Member of the Azerbaijan Parliament for Surakhani
- In office 1995–2010
- Preceded by: new constituency

Personal details
- Born: July 20, 1970 Baku, Azerbaijan SSR, Soviet Union
- Died: April 23, 2011 (aged 40) Baku, Azerbaijan
- Party: Independent
- Alma mater: Baku State University

= Anar Mammadkhanov =

Azerbaijani political leader (1970–2011)

Anar Jamal oghlu Mammadkhanov (Anar Camal oğlu Məmmədxanov, 20 July 1970, Baku, Azerbaijan SSR, Soviet Union – 23 April 2011, Baku, Azerbaijan) was a Member of the National Assembly of Azerbaijan, social activist and the captain of Guys from Baku KVN team.

==Life==
After graduating from Baku State University in 1991, he became the captain of Parni iz Baku KVN team.

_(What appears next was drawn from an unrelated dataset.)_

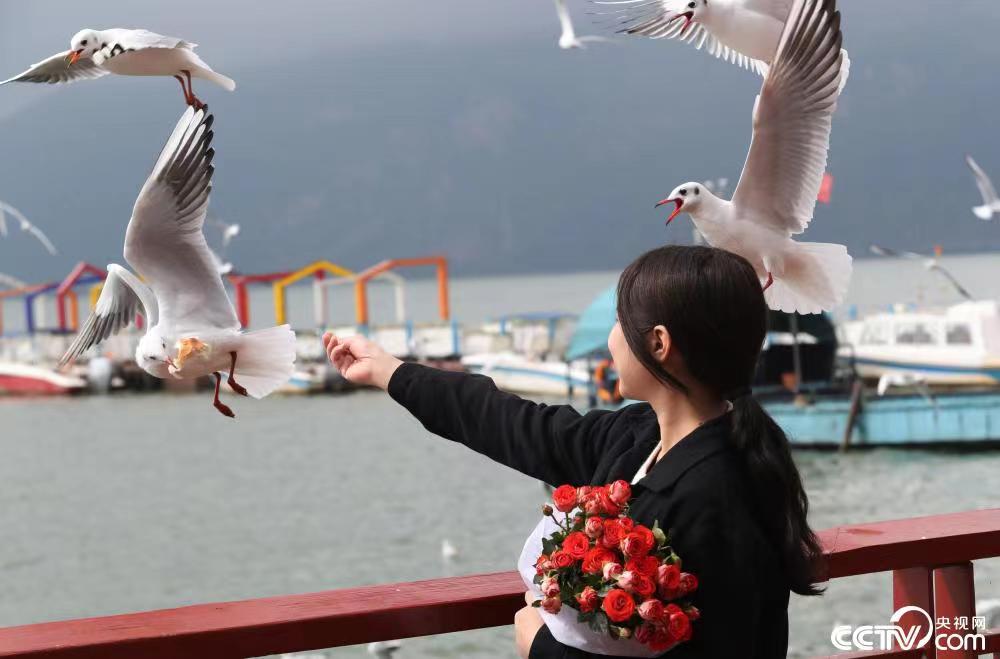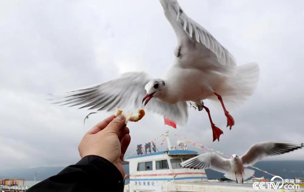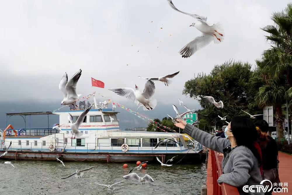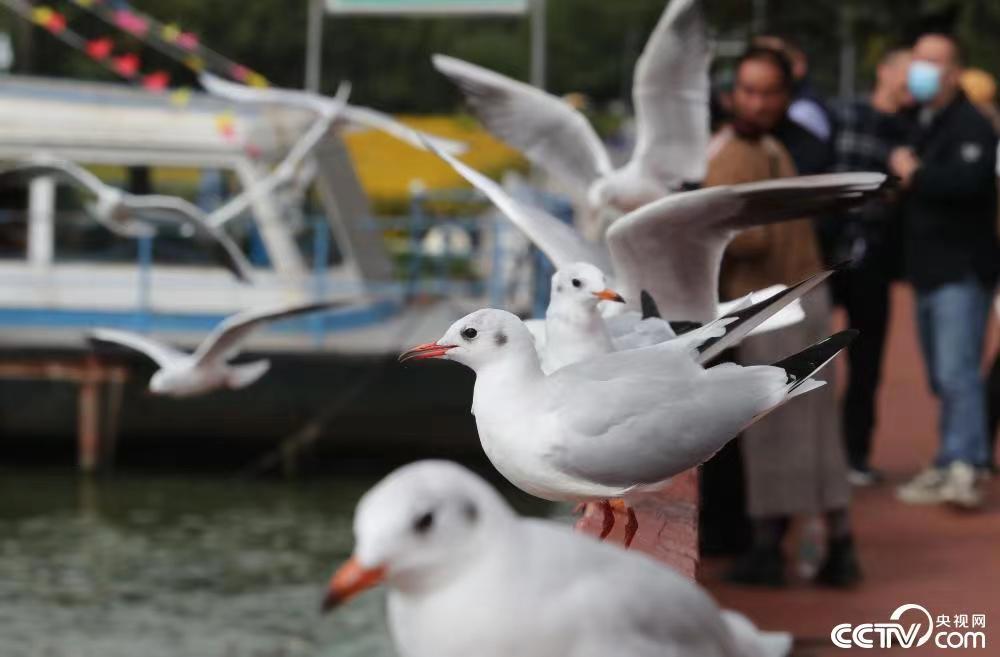 10月13日,昆明,在海埂东码头滇池水域,500多只红嘴鸥在岸边觅食。当日,海埂东码头滇池水域的红嘴鸥数量明显增加,昆明迎来观鸥季。

He served as an MP from Surakhani constituency from 1995 to 2005. He was widely praised for creating Day.az, which was Azerbaijan's first news portal.

On 23 April 2011, he died from sudden heart attack.

==Criticism==
He has been described in the media as populist and labeled far-right, though this is disputed by other observers. Mammadkhanov, who has refused to align himself with Azerbaijani far-right politicians such as Ganira Pashayeva and Ali S. Hasanov, views himself as a right-wing liberal. Mammadkhanov was also criticized as being a mere demagogue who attacks politicians on superficial issues and their private lives while being unable to provide a valid alternative.

==Personal life==
Mammadkhanov was greatly influenced by Winston Churchill's policies. He was an avid smoker and drinker for most of his life, something which eventually led to his death.